In the material below, find the line with "ALS in French, one"; set down that line and every line after it to the end, exactly, without pictures.

#### EXERCISE DATA
------------------------------------------------
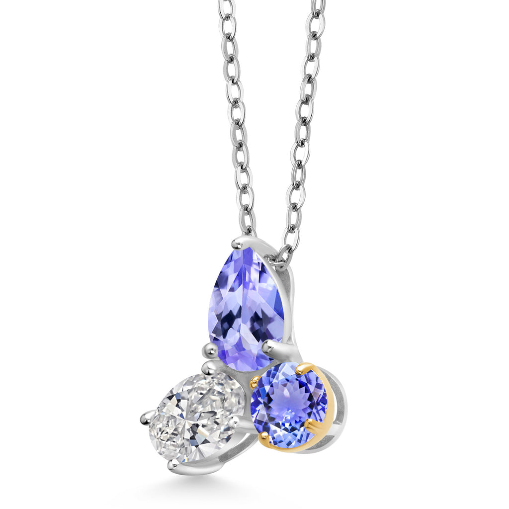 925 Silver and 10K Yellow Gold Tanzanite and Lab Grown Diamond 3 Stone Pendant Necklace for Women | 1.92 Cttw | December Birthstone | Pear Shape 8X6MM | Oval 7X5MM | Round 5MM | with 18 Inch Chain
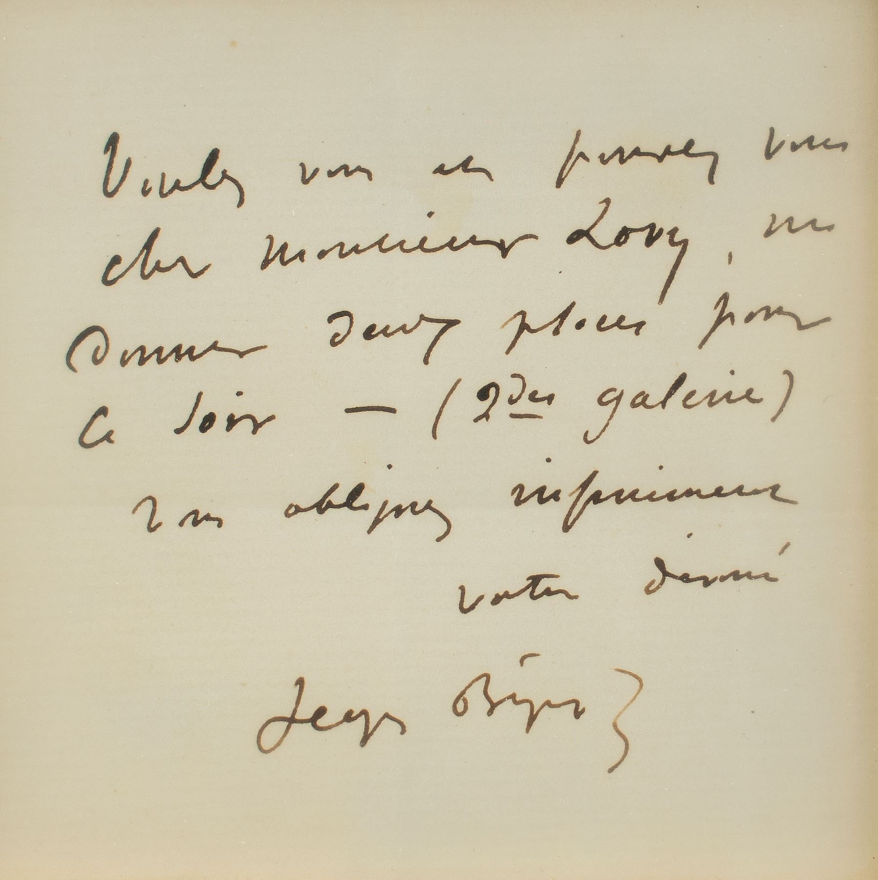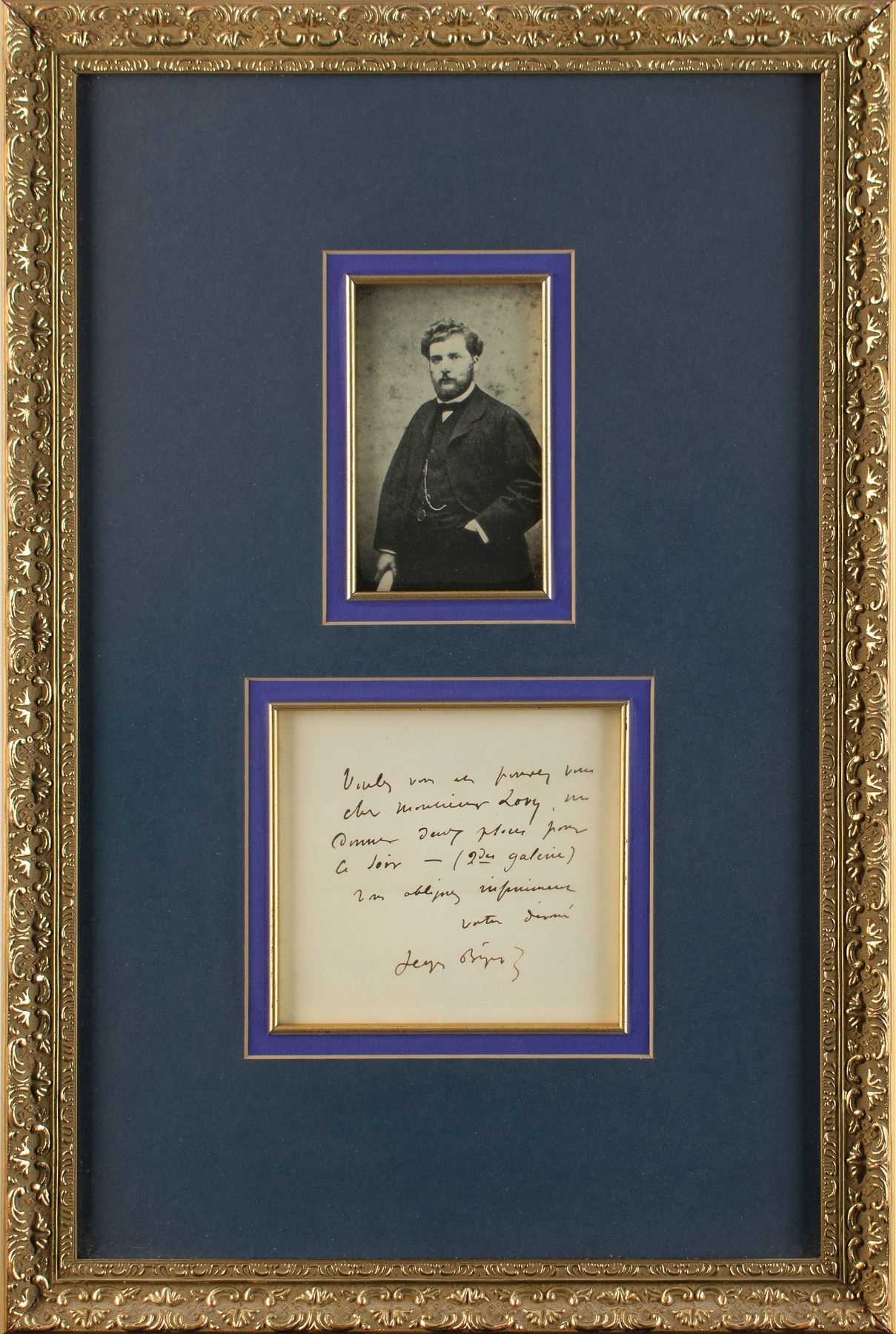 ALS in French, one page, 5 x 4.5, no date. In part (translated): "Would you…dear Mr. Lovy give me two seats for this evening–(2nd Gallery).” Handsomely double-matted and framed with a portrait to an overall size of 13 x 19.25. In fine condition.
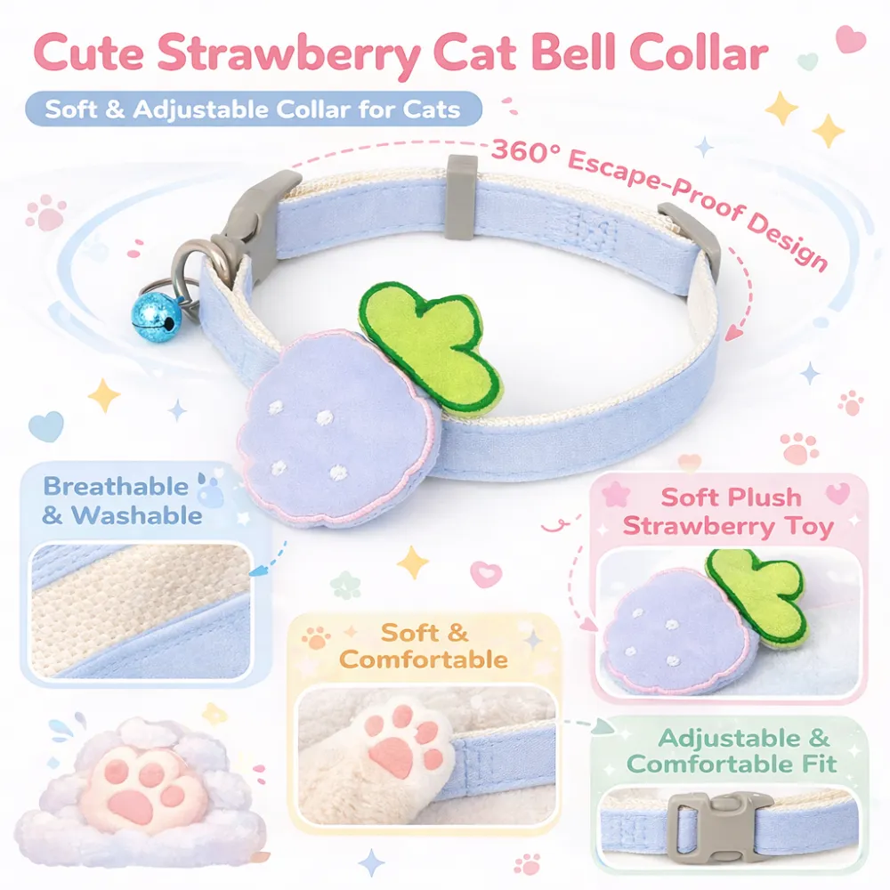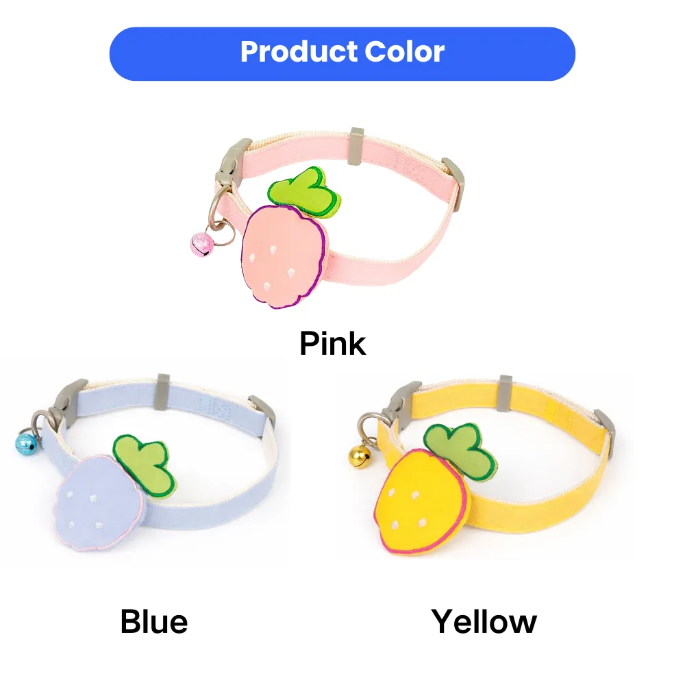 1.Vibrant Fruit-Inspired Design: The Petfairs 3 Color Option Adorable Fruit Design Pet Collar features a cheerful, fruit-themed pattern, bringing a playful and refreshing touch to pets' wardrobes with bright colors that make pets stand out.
------------------------------------------------
#### THE ANSWER
 ALS in French, one page, 5 x 4.5, no date. In part (translated): "Would you…dear Mr. Lovy give me two seats for this evening–(2nd Gallery).” Handsomely double-matted and framed with a portrait to an overall size of 13 x 19.25. In fine condition.
 1.Vibrant Fruit-Inspired Design: The Petfairs 3 Color Option Adorable Fruit Design Pet Collar features a cheerful, fruit-themed pattern, bringing a playful and refreshing touch to pets' wardrobes with bright colors that make pets stand out.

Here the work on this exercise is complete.